As part of the Excellence Initiative of the German federal and state governments, the Cluster of Excellence MERGE – Technology Fusion for Multifunctional Lightweight Structures was funded at the university until 2017. After the additional funding expired on 31 October 2019, MERGE became a central institution of the university.

Teacher education returned to the university with the establishment of the Centre for Teacher Training in 2013 as a central institution for training elementary school teachers. In 2014, the Centre for Knowledge and Technology Transfer was founded as a central institution of Chemnitz University of Technology.

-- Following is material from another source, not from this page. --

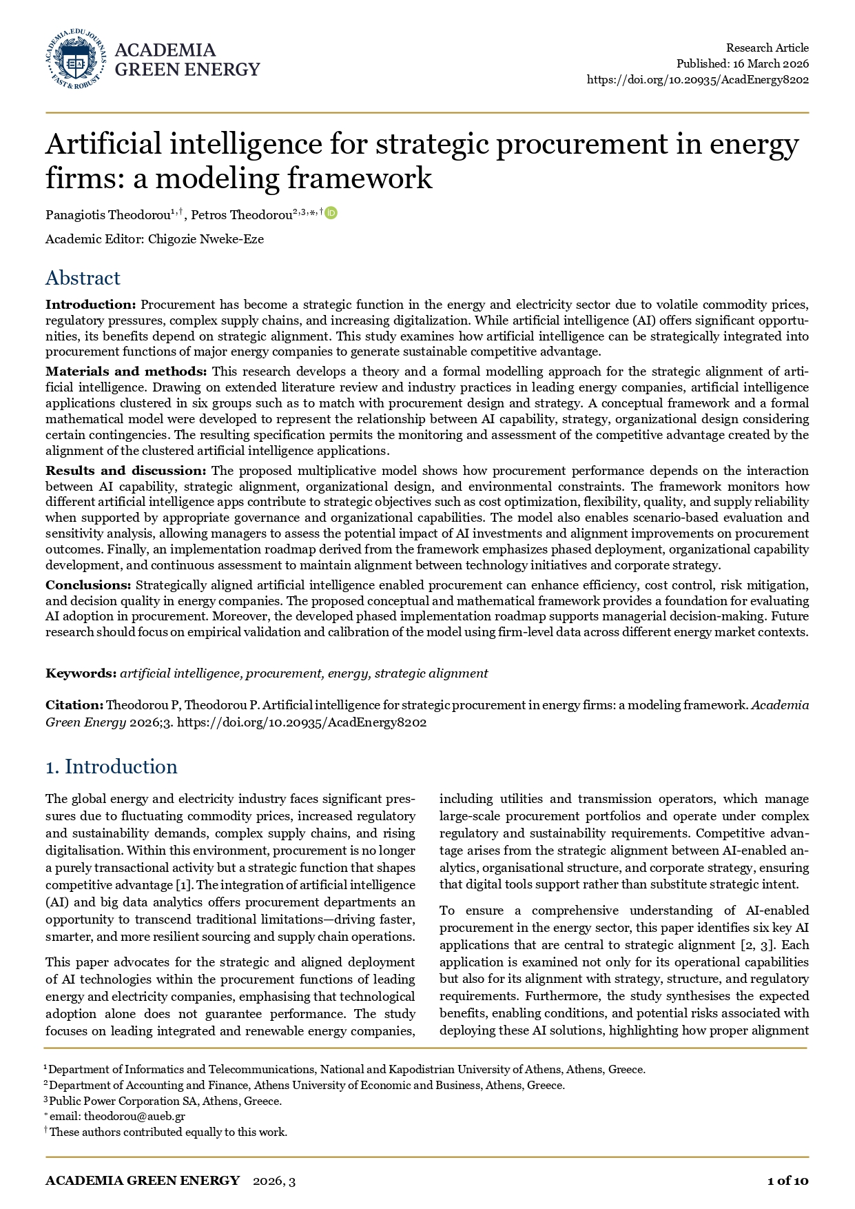 Informații la titlu:În: Academia Green Energy 2026; 3 / Published: 16 March 2026 / Department of Informatics and Telecommunications, National and Kapodistrian University of Athens, Athens, Greece. Department of Accounting and Finance, Athens University of Economic and Business, Athens, Greece. Public Power Corporation SA, Athens, Greece

Chemnitz University of Technology successfully participated in both rounds of the Female Professors Program, which is funded by the federal and state governments. In 2019, the university participated in the Female Professors Program for the third time and was the only university in Saxony to receive the "Equality Excellent" rating.

Since April 2019, the university has received funding from the program WIR! – Change through Innovation in the Region. Up to 15 million euros are available for the two joint projects – Smart Rail Connectivity-Campus and SmartERZ. The aim of the Smart Rail Connectivity-Campus is to establish a research campus in Annaberg-Buchholz for research into autonomous train traffic.

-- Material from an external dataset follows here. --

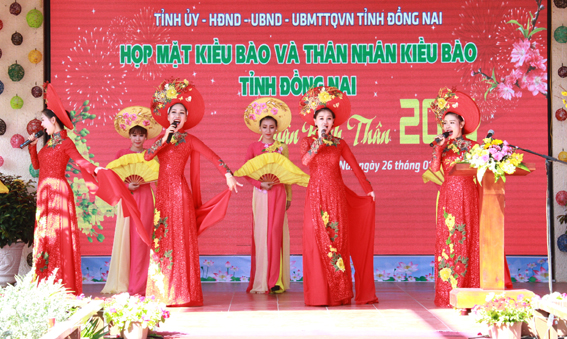 | Đoàn ca múa nhạc Đồng Nai biểu diễn các ca khúc về mùa xuân phục vụ bà con kiều bào dự họp mặt.- Ảnh: Báo Đồng Nai |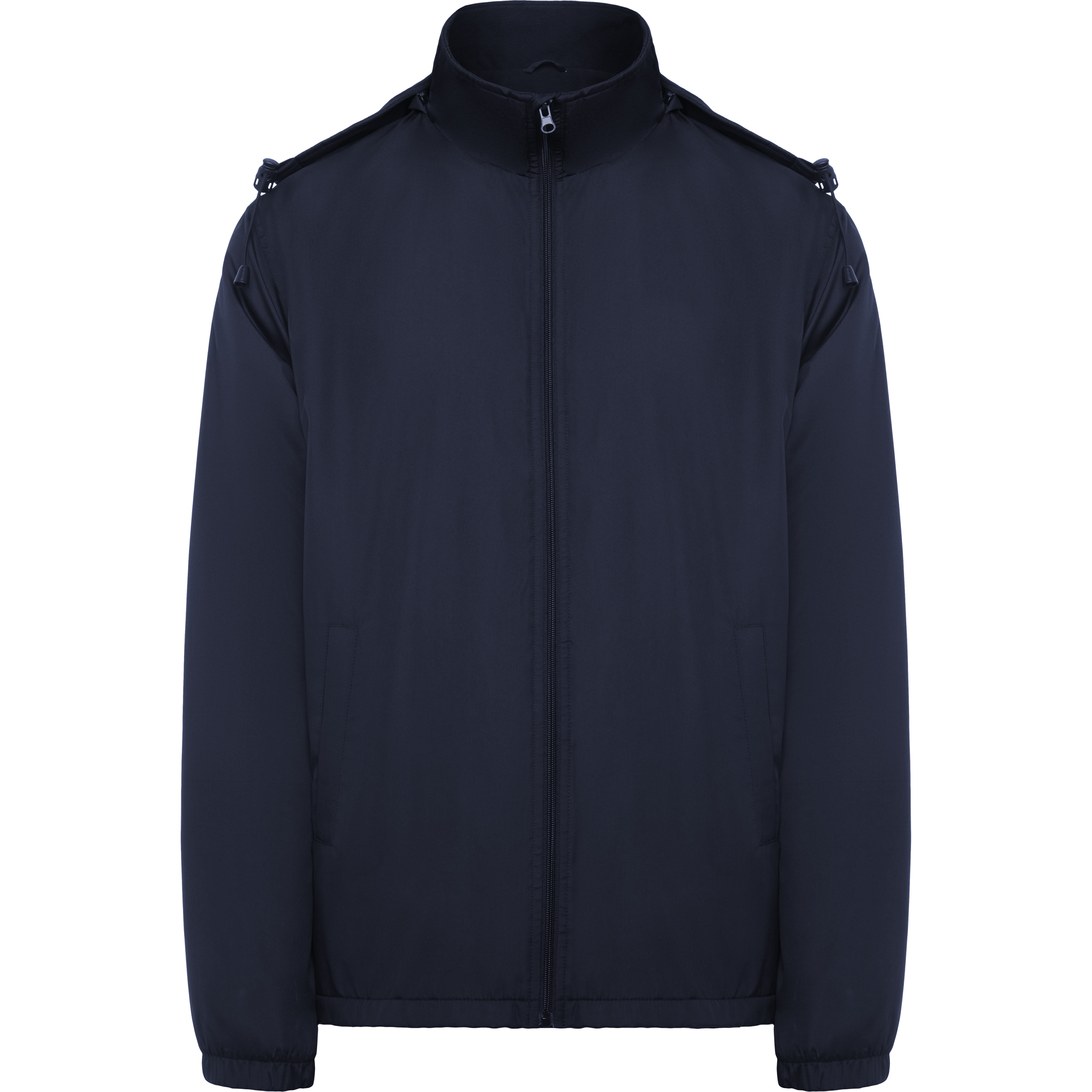 Chaqueta ligera repelente al agua. Cuello alto y capucha extraíble con ajustadores. Forro interior micropolar. ·Cremallera frontal y protector de barbilla. Puños elásticos. Dos bolsillos laterales con cremallera y un bolsillo interior en pecho izquierdo.

Also in 2019, Chemnitz University of Technology received the Award for University Communication for its overall communicative concept and its advocacy against violence and xenophobia following the racist riots in Chemnitz in 2018.

==Organization and Administration==

===Faculties===
The university is organised into the following eight faculties:
- Faculty of Computer Science
- Faculty of Economics and Business Administration
- Faculty of Electrical Engineering and Information Technology
- Faculty of Mathematics
- Faculty of Mechanical Engineering
- Faculty of Natural Sciences
- Faculty of Humanities
- Faculty of Behavioural and Social Sciences

=== Central Institutions ===

- Cluster of Excellence MERGE
- Saxony's Centre for Teaching and Learning
- University Library
- Foreign Language Centre
- Internationales Universitätszentrum
- Centre for Young Scientists
- Centre for Knowledge and Technology Transfer
- Research Centre MAIN
- International Office
- University Computer Centre
- Centre for Teacher Training
- Centre for Sports and Health Promotion

=== An-Institutes ===

- Cetex Institute for Textile and Processing Machines gemeinnützige GmbH
- Institute of Mechatronics e.V.
- Saxony Textile Research Institute e.V.
- TUCed – An-Institut für Transfer und Weiterbildung GmbH
- Center for Criminological Research Saxony

==Campus==
Chemnitz University of Technology's growth led it to have buildings in various parts of Chemnitz. The campus on Reichenhainer Staße is the main campus. There are currently four parts of the university:

=== Campus at Straße der Nationen 62 ===
The campus at Straße der Nationen 62 is in the center of Chemnitz across from the bus station. This includes the buildings at Straße der Nationen 62 (the Böttcher Building), Bahnhofstraße 8 (Patent Information Center), Carolastraße 8 (Department of Human Resources, Department of Budget and Economics), and the Alte Aktienspinnerei (University Library and University Archives).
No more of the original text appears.